«–Supongo que querrás contarme algo –intentó ayudarlo–. ¿Una historia quizá?
–Sí. Es una historia que no ha tenido ocasión de contársela a nadie, ni a Clara, que es a quien tenía que habérsela contado nada más ocurrir, ni a usted, ni a mis padres, ni a los padres de Clara ni a nadie…
–Y ahora vienes a contármela a mí.
–Necesito contársela a alguien y nadie mejor que usted. Me muero por contar esa historia, y porque llegue a los oídos de Clara y alcance su perdón, o al menos, su comprensión y su piedad.
Entonces el señor Levin se levantó, rodeó la barra y fue poniendo sobre ella platitos y cuencos con frutos secos, con pepinillos y aceitunas, con canapés, con pastas, con tapas de tortilla, de queso, de embutido, y después fue a abrir la puerta que daba al jardín para que entrara el fresco de la noche, y al fin volvió a sentarse en su taburete y extasió la vista en las alturas.

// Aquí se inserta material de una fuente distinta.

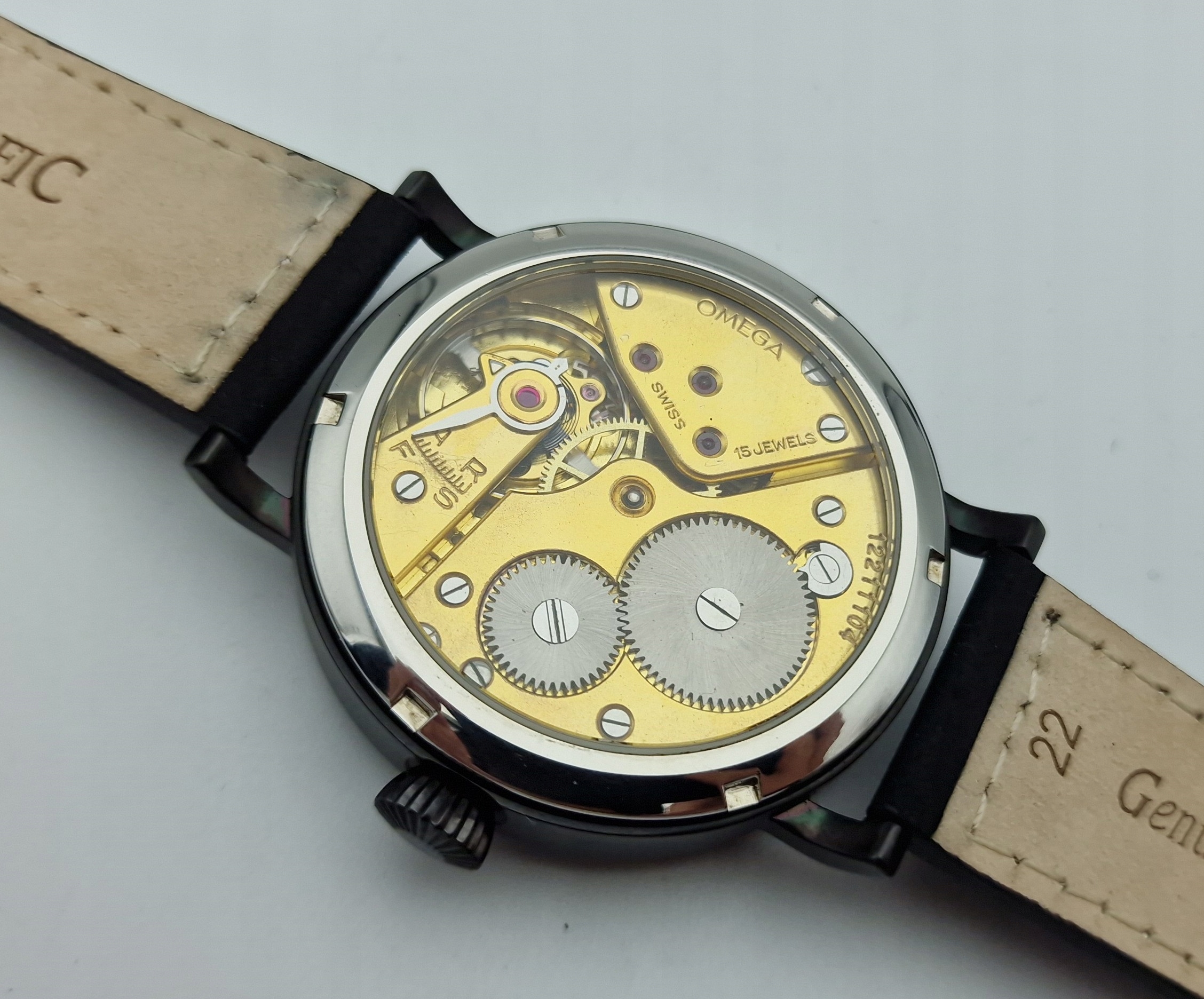 - Механізм годинника з 15 дорогоцінними каменями, зі швейцарським якорем, з підписами: "OMEGA, 15 JEWELS, SWISS, 12211104". Механізм був перевірений і обслуговувався майстром годинників, працює добре і пунктуально, і знаходиться у відмінному стані.

–Paula y yo nos pasábamos la vida contándonos la vida, contándonos las historias de nuestras pequeñas andanzas diarias, y esos fueron quizá nuestros mejores momentos de felicidad. Y siempre, antes de ponernos a contar, sacábamos cosas ricas para comer y beber, y nos instalábamos muy cómodamente, porque así es como saben bien los relatos, y a veces son tan gustosos que, entre vivir y contar, si me dieran a elegir, no sé muy bien con qué me quedaría. Al final lo que perdura son las historias, y lo demás es pasto del olvido. Así que, desahógate, como hice yo contigo, y comamos y bebamos, y ya verás como al final, puestas al descubierto por las palabras, las cosas son más claras y livianas que antes».
(LANDERO, Luis. Absolución. Barcelona: Tusquets, 2012, p. 314-315).